Objectives Treatment of patients with systemic sclerosis (SSc) can be challenging because of clinical heterogeneity. Integration of genome-scale transcriptomic profiling for patients with SSc can provide insights on patient categorisation and novel drug targets.

Methods A normalised compendium was created from 344 skin samples of 173 patients with SSc, covering an intersection of 17 424 genes from eight data sets. Differentially expressed genes (DEGs) identified by three independent methods were subjected to functional network analysis, where samples were grouped using non-negative matrix factorisation. Finally, we investigated the pathways and biomarkers associated with skin fibrosis using gene-set enrichment analysis.

Results We identified 1089 upregulated DEGs, including 14 known genetic risk factors and five potential drug targets. Pathway-based subgrouping revealed four distinct clusters of patients with SSc with distinct activity signatures for SSc-relevant pathways. The inflammatory subtype was related to significant improvement in skin fibrosis at follow-up. The phosphoinositide-3-kinase-protein kinase B (PI3K-Akt) signalling pathway showed both the closest correlation and temporal pattern to skin fibrosis score. COMP, THBS1, THBS4, FN1, and TNC were leading-edge genes of the PI3K-Akt pathway in skin fibrogenesis.

Conclusions Construction and analysis of normalised skin transcriptomic compendia can provide useful insights on pathway involvement by SSc subsets and discovering viable biomarkers for a skin fibrosis index. Particularly, the PI3K-Akt pathway and its leading players are promising therapeutic targets.

  • systemic sclerosis
  • gene expression profiles
  • unsupervised clustering
  • fibrosis

Statistics from

Request Permissions

If you wish to reuse any or all of this article please use the link below which will take you to the Copyright Clearance Center’s RightsLink service. You will be able to get a quick price and instant permission to reuse the content in many different ways.

Key messages

What is already known about this subject?

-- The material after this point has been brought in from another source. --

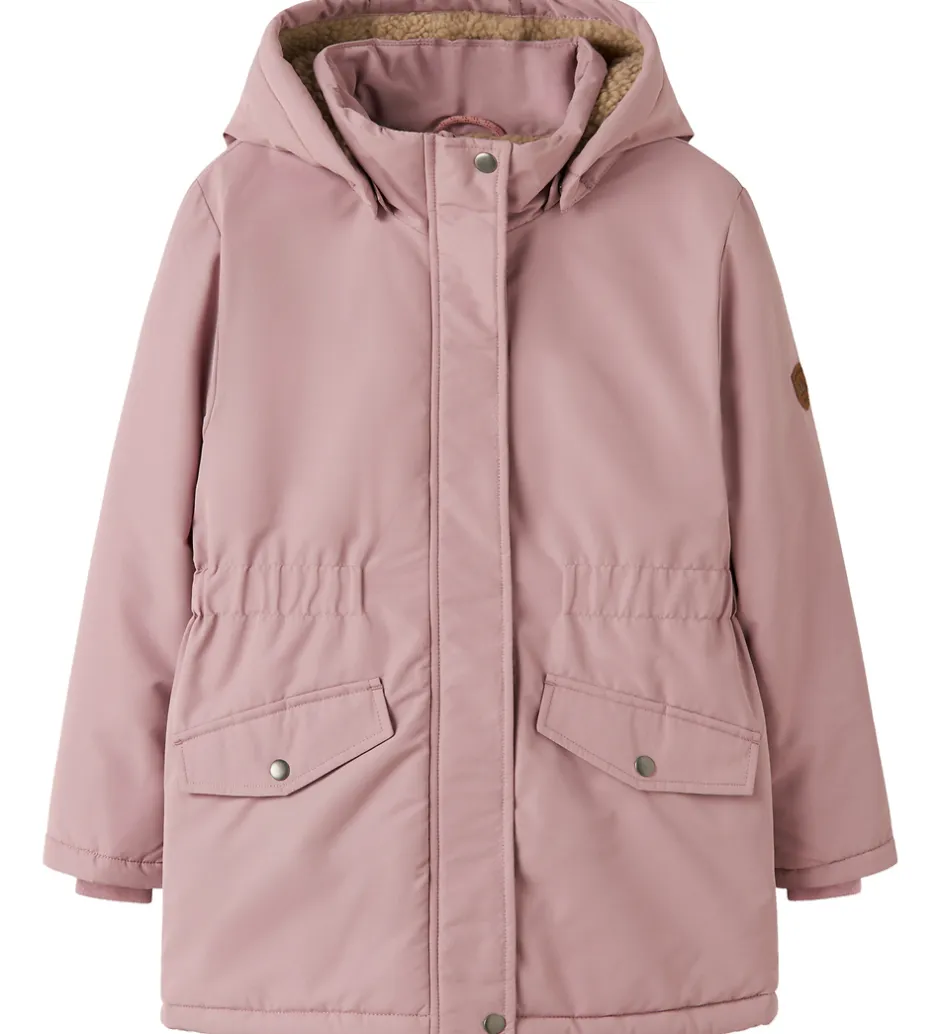 Flot Name It vinterjakke i støvet rosa.

  • Systemic sclerosis (SSc) is a clinically heterogeneous disease with a variable molecular signature and clinical course.

  • The resolution of skin fibrosis remains an unmet clinical need in patients with SSc.

What does this study add?

  • Using unsupervised machine learning, a pathway-driven matrix of skin gene expression profiles allows subdivision of SSc into four subtypes with distinct activities of SSc-relevant pathways.

  • The inflammatory subtype was related to significant improvement in skin fibrosis at follow-up. Increased activity of the phosphoinositide-3-kinase-protein kinase B (PI3K-Akt) pathway was closely correlated with skin fibrosis in all patients and chronologically and was driven by COMP, FN1, TNC, THBS1 and THBS4.

How might this impact on clinical practice or future developments?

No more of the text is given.